We also looked at two exploratory analyses, the first is we took out the patients with EGFR and EML4-ALK alterations and the results held with a hazard ratio of 0.41 compared to a hazard ratio of approximately 0.35 in the total cohort. We then looked at a new variable, something called time to new lesion failure where we determined the time in which patients developed new lesions and we did so because we inherently knew that patients that didn’t get radiation therapy or surgery to the local sites would have a tendency to fail there. We looked at this variable and we found that the progression free survival benefit remained with PFS times of almost 6 months in the no LCT arm and 11.9 months in the LCT arm. Finally we looked at toxicity, there was no substantial difference between the two arms. Three patients in the no LCT arm crossed over to the LCT arm prior to progression due to toxicity. These included hematologic toxicities, renal toxicity and fatigue. In addition another patient that was actually randomised experienced bilateral lower extremities that was thought to be due to the pemetrexed and this toxicity resolved when the pemetrexed was discontinued. There were several grade 3 toxicities in the LCT arm including grade 3 oesophagitis in two patients, one patient with anaemia after radiation to the spleen, an additional patient with a rib facture potentially causing a pneumothorax after SBRT and one patient with pain that was thought to be unlikely related to radiation therapy. So approximately 4-5 toxicities in each arm but no grade 4 or 5 toxicities in each arm.

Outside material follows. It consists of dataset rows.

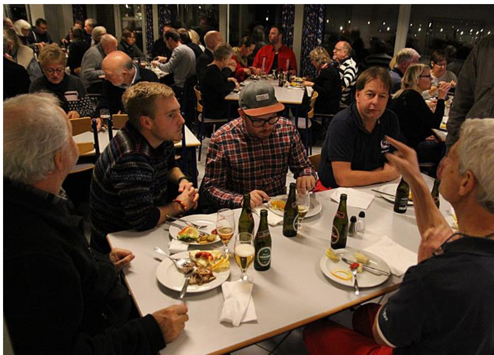
Det virkede som om at menuen var god.....
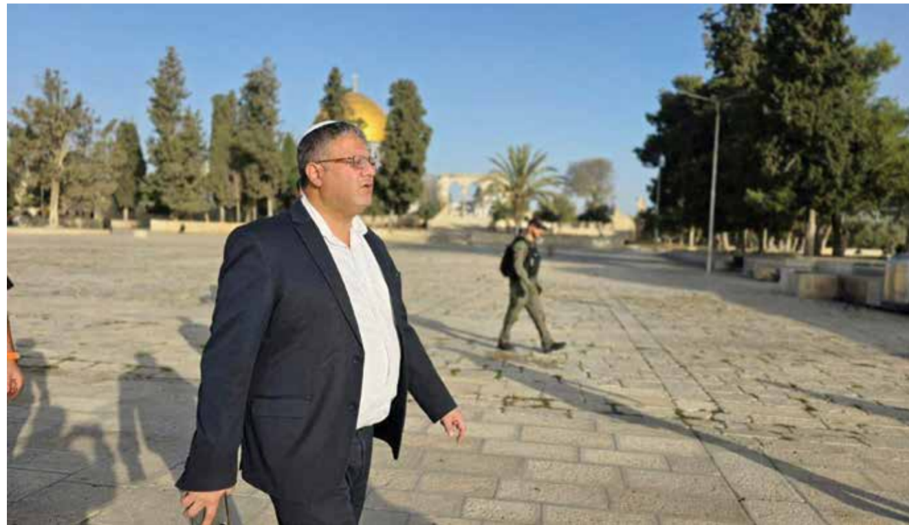
○ اليميني المتطرف خلال اقتحامه المسجد الأقصى تحت حراسة مشددة من شرطة الاحتلال.

المسجد الأقصى المبارك. وقال المتحدث باسم وزارة الخارجية في بيان أمس إن مصر تحذر من تلك التصرفات المتطرفة التي تشكل خرقاً فاضحاً ومستهجناً للوضع التاريخي والقانوني القائم في المسجد الأقصى المبارك، وما تمثله تلك الممارسات المرفوضة من استهانة وتآجيج لمشاعر المسلمين حول العالم، مطالبة إسرائيل بالتقيد بالتزاماتها كدولة قائمة بالاحتلال، مؤكدة ضرورة احترام وضعية المسجد الأقصى باعتباره مكان عبادة خالصاً للمسلمين.
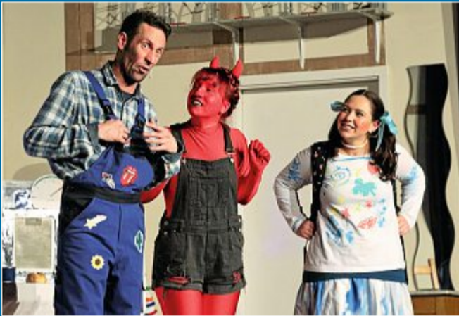
UNTERHALTUNG Aufführung mit Teufelchen begeistert Zuschauer

26. November Laientheater triumphiert mit „Meffi“
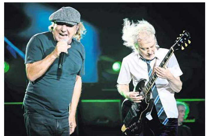
Legendäres Duo: Brian Johnson (links) und Angus Young bei einem AC/DC-Konzert im Oktober 2023.

black“, „Demon fire“, „Shot down in flames“, „Thunderstruck“, „Have a drink on me“, „Hell's bells“, „Shot in the dark“, „Stiff upper lip“, „Dirty deeds done dirt cheap“, „Shoot to thrill“, „Sin city“, „Givin the dog a bone“, „Rock'n'Roll Train“, „You shook me all night long“, „Dog eat dog“, „High voltage“, „Hell ain't a bad place to be“, „Riff raff“, „Highway to hell“, „Whole lotta rosie“ und „Let there be rock“ sowie als Zugaben „T.N.T.“ und „For those about to rock (We salute you)“.
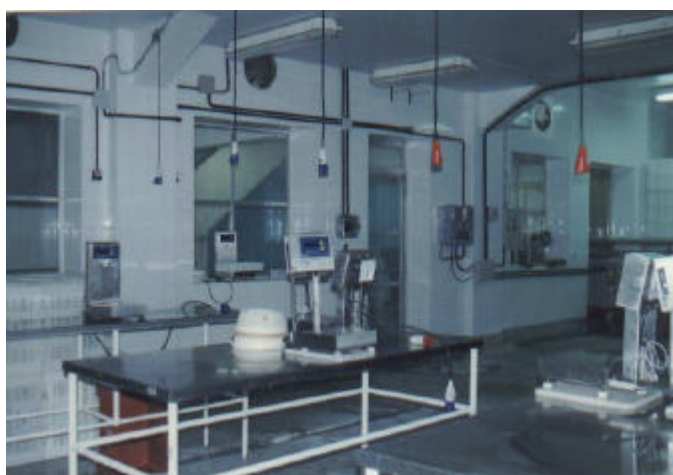
Figura 3 - Setor de produção da empresa

O sistema de refrigeração tem como equipamentos principais sete compressores, trocadores de calor, tubulações e acessórios. A quantidade de amônia no tanque de armazenamento é de 500 kg.

From all this we can conclude that in this phase II randomised trial of 48 evaluable patients that LCT provided approximately an 8 month progression free survival benefit compared to the standard or no LCT arm. The overall survival data is not yet mature but toxicity appears to be the same between groups. Looking at this it’s a provocative study demonstrating the need for further trials and future analysis and a definitive study attempting to answer this question.


You managed to get to every question I could ask before I asked it and I don’t think I had to a single word in that. That was damn near perfect if I do say so myself.


Thank you.


Is there anything you’d like to add on top of that, anything you think is worth mentioning or might come up over the course of the press conference?


I don’t think so. I think don’t think so. When is the press conference?


Well if you’ve got the… you said you were releasing it tomorrow?